The fatalities consisted of a variety of people, from over a dozen countries. The countries of the US, China, Iran, Thailand, Sri Lanka, Japan, Australia, Norway, France, and more have made statements about citizens that were among the dead. Authorities have identified 56 women and 97 men from the chaos. Any other victims remain unidentified for the time being. Two of those identified were US citizens, three were South Korean military personnel, three were teachers, one K-Pop idol from season two of “Produce 101,” and six South Korean school students were identified from the masses of the deceased. Of the two US citizens among the dead, one was Anne Gleske, who was a junior at the University of Kentucky and had been studying abroad in Seoul for the trimester (CNN).

People were packed shoulder-to-shoulder, and rows upon rows of people laid dead in the streets with tarps covering them. People even resorted to scaling buildings for safety (CNN). There was screaming, crying, violence, pushing, and shoving in the crowds. There was little-to-no crowd control due to many factors including confusion regarding the costumes and whether or not the people yelling were actually police officers or people dressed up as them.

Not everyone died instantly, according to CNN. The people who died were receiving CPR with their costumes ripped off. People tried to let medics race to the situation, yet most weren’t able to reach the injured because of the volume of the crowd.

South Korea held a mourning period for the now-named ‘Itaewon Tragedy’ until November 5th. Public offices and institutions flew their flags at half-staff during this time, and many people wore black ribbons as a symbol of mourning for the victims. In the district, there remains a building with costumes, shoes, bags, and other personnel of the deceased for their families to pick up. The building has been overflowing with families, mourners, and hundreds of items from the deceased.

South Korean first responders rush to the site where the injured and deceased lay. (Reuters)

K-Pop boy group ATEEZ, at their latest live performance, also wore black ribbons in solidarity. Many other K-Pop idols and companies alike have postponed or canceled their music releases and activities because of the recent tragedies in Itaewon. 

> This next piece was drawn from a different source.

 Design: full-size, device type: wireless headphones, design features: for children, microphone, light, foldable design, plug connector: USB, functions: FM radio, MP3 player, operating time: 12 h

The Itaewon Tragedy has been one of the worst disasters seen in South Korea, and the world’s worst crowd crush in decades according to Reuters. The crowd was ten times larger than any other holiday celebration in Itaewon. The celebration had already been marked with warnings about the dangers that would come with the influx of people before it even started, yet the lack of crowd control was astonishing (CNN). People were locked up in bars and separate buildings due to the government issuing that anyone in the area should stay indoors until the surge had calmed down. The crush continued for hours, with people falling down the hilly streets like dominoes.

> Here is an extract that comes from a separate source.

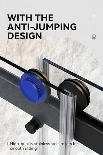Durable & Sturdy Fittings:Sturdy &heavy thick glass.Sturdy stainless steel frame with excellent corrosion resistance.Large solid stainless steel rollers slide smoothly while closing or opening.The track and rolling hardware is sturdy and quiet.jumping design,easy sliding operation.the water sealing strips are flexible and have excellent sealing performance.Premium stainless-steel handles,smooth and rust free,the handles can also be used as towel rack,provides a place to put your clothes & towels

Compressive asphyxia takes place when external compression constricts the lungs and bars oxygen from entering the body (Lippincott). This is how the people at Itaewon, Astroworld, and other crowd crushes die. These crushes occur at dead ends, locked doors in tight spaces, etc. Crowd crushes are unpredictable but can be prevented. 

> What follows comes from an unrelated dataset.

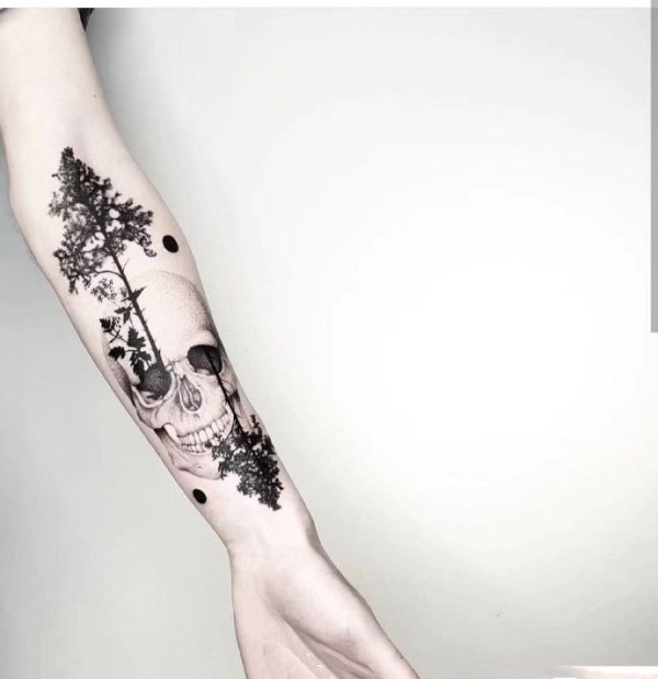 手臂上的一组高级黑灰纹身图片

A man grieves near the scene where over 156 deaths occurred in Itaewon. (Reuters)

First, crowd control is a must. Police officers or military personnel should be available at these events to help with crowd control. 

While outside resources can help with making these events safer, sometimes, it lies in the hands of the individual. If in a situation where you’re stuck between four people on all sides, or forcefully pushed up against other people, you’re in the middle of a crowd crush and need to get out. Crowd crushes are fluid. They don’t disperse, they move in one direction, like being rocked around on a boat at sea. Once in a crowd crush, there are very few opportunities to escape. If the crowd starts to move, then that is another sign that you need to get out. If you find yourself stuck in a crowd crush with no way out, then you must keep moving (theConversation). Don’t push forward or backward, just keep walking until you find a way out. 

These are the steps people need to take in order to stay safe and to keep situations like what happened in Itaewon from happening. Even one person’s knowledge can save many lives and could prevent crushes like the one in Itaewon.